◆ **Task goal**: Omit the pictures and return exactly the stretch of the material below from the line with "Gerçek Doğal Taş" through the line with "Okaz pięknie zabarwionego".

◆ **Input data**:
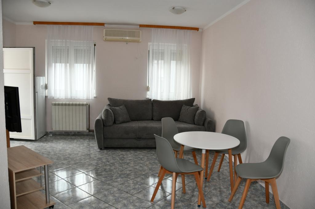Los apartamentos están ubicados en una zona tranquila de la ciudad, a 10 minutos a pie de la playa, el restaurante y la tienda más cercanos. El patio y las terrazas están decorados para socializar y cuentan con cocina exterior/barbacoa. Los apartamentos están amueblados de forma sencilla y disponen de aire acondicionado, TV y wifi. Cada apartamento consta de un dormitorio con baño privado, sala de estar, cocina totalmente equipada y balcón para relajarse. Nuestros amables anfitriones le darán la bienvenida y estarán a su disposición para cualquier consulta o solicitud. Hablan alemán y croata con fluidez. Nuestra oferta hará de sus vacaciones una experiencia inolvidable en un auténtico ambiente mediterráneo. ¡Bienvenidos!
* * *
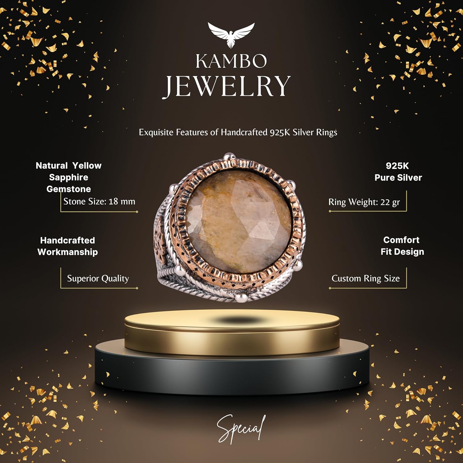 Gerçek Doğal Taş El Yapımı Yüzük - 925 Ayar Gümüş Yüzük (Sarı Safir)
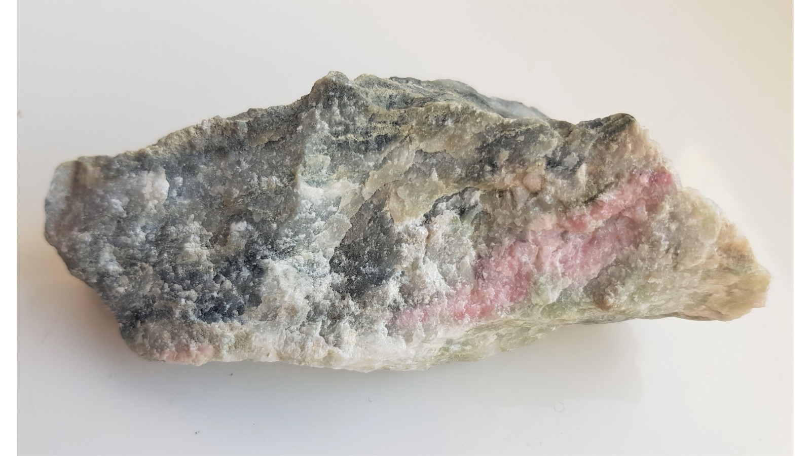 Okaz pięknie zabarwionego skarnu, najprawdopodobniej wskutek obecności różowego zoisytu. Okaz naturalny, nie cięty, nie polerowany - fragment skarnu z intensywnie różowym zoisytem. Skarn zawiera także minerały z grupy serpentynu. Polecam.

◆ **Task result**:
 Gerçek Doğal Taş El Yapımı Yüzük - 925 Ayar Gümüş Yüzük (Sarı Safir)
 Okaz pięknie zabarwionego skarnu, najprawdopodobniej wskutek obecności różowego zoisytu. Okaz naturalny, nie cięty, nie polerowany - fragment skarnu z intensywnie różowym zoisytem. Skarn zawiera także minerały z grupy serpentynu. Polecam.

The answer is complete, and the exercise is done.